I’m also wanting to experiment when my new sewing machine comes from the lovely colleague at work who no longer wants hers; and I have several pairs of shoes to customise; and there’s the vintage bits and pieces I’ve been collecting for a year or so, I think it’s about time that the pieces not on display went on sale so they can have a better home.

So I’m thinking of opening two Etsy shops – one as Ducking Fabulous, for handmade things by me, and one for vintage things. I have a name, which I won’t disclose until I’ve checked if it’s available and if the banner idea I have in mind works! I’ve been playing with category ideas and collections – it’s a great way to pass the commuting time!

However in order to do this, I need to seriously overhaul my life – I’m far too busy at the moment to be efficient with sales, and I’d want to have proper packaging and everything sorted out if I did do it. It’s still a bit of a pipe dream, but maybe in 2012… I’d need time set aside to photograph and list everything, as well as making new stuff and packing and posting anything I sold.

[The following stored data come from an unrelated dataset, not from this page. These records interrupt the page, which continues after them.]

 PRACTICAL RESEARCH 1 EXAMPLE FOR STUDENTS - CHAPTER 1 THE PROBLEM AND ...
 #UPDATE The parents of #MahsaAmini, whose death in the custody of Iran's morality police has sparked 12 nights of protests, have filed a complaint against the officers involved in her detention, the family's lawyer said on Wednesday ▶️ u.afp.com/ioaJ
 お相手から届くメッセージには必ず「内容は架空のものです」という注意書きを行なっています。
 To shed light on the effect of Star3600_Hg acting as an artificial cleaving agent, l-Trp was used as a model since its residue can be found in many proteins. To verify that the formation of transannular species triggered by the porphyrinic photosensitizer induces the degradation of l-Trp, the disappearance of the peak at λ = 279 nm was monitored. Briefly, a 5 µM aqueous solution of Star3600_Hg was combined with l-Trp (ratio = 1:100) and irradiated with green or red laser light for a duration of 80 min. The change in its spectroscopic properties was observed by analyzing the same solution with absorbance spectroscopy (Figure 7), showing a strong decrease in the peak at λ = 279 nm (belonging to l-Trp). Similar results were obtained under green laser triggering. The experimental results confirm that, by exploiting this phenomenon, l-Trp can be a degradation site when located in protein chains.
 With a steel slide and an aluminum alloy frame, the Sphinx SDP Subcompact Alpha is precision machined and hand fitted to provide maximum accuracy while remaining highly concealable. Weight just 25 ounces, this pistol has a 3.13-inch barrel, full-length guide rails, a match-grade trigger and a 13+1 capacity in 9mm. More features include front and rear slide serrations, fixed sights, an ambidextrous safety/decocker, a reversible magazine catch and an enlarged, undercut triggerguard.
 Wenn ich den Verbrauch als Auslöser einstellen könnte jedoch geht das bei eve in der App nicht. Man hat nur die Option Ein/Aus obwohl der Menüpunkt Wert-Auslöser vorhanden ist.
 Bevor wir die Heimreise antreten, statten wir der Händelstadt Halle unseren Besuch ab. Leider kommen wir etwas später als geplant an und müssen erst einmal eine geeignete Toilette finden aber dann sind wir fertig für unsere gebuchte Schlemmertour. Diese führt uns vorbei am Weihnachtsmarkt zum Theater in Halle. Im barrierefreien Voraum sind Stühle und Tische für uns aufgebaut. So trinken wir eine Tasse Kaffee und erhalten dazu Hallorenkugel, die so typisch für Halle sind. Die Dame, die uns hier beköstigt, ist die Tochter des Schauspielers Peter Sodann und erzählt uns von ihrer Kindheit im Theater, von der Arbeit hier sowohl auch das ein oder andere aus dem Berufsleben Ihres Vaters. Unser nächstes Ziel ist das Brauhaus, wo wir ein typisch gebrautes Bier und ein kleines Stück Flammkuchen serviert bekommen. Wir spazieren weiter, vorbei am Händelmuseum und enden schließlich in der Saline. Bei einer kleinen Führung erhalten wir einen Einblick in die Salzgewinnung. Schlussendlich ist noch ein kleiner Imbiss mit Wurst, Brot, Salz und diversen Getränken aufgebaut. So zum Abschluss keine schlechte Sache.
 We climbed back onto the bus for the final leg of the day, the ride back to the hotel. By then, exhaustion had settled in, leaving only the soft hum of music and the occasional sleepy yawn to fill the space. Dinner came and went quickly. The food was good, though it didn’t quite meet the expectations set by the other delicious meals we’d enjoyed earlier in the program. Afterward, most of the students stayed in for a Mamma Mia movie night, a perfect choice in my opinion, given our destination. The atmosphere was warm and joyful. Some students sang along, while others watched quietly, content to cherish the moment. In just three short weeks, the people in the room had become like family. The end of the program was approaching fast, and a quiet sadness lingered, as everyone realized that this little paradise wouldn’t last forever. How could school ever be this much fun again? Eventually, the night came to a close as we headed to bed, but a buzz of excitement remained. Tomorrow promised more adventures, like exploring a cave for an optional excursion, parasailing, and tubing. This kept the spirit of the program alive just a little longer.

We shall see – I’d love your comments and opinions and thoughts if any of you have done similar things, and if there’s anything I’m overlooking in my thoughts (although I do use this blog as much as a notebook for my own thoughts as I do for writing articles to be read… feel free to ignore this random waffling!)

 

Relatedly, but sort of separately, I have two bigger projects in mind – the first is Project Pinup, which is an overhaul of me and an attempt to be more elegant, more ladylike and more pin-up-like. Not necessarily in shape or size, but in the way I am and the way I present myself to the world. I am thoroughly fed up of doing my makeup on the train and brushing my hair out from wet and then just leaving it, but equally I don’t want to get up at 4am to try and make myself pretty before I leave for work. I also want to differentiate between my work look (which must be sober and subtle) and my look on my own time (which will vary over a range of styles, not just pin-up, but is, like the real me, much louder and more dramatic, without being in-your-face. I hope, anyway.

 

The second is Project Thrifty Chic, which I know is unimaginatively named, but is more essential. As I’ve taken over the flat, I have a LOT less spending money each month than I used to. I have raided my savings down to almost nothing to fund the rally (which I don’t at all regret, it’s going to be the trip of a lifetime and I’d far rather do that than go backpacking, but it does mean I don’t have much in the way of backup money anymore) and I go into my overdraft most months. This is not a situation I’m happy with, but I refuse to give up the car and I can’t give up the flat for at least another five months (and I’m so happy here, I don’t want to relinquish that either). So the solution is to stop with the random spending and try to economise, but as Mimi says, being thrifty rather than frugal – it’s amazing how different the words can make you feel. My intention is to still have a fabulous look and a fabulous life, but spend less doing it – and I think this is perfectly possible, especially now I have the flat to myself as entertaining space, I can actually persuade people to my house instead of out for dinner on occasion! I love thrifting for clothes and homewares anyway, so it will be an extension of that. I don’t intend to ban myself from buying new things, but I will try to re-use and recycle or buy secondhand whenever I can, as it’s greener as well as being cheaper. And with the car I drive, I really should make every effort in every other area of my life to be kinder to the environment. It’s all about balance.

Watch this space – and congratulations if you got to the end of this post, it ended up being somewhat of a stream of consciousness!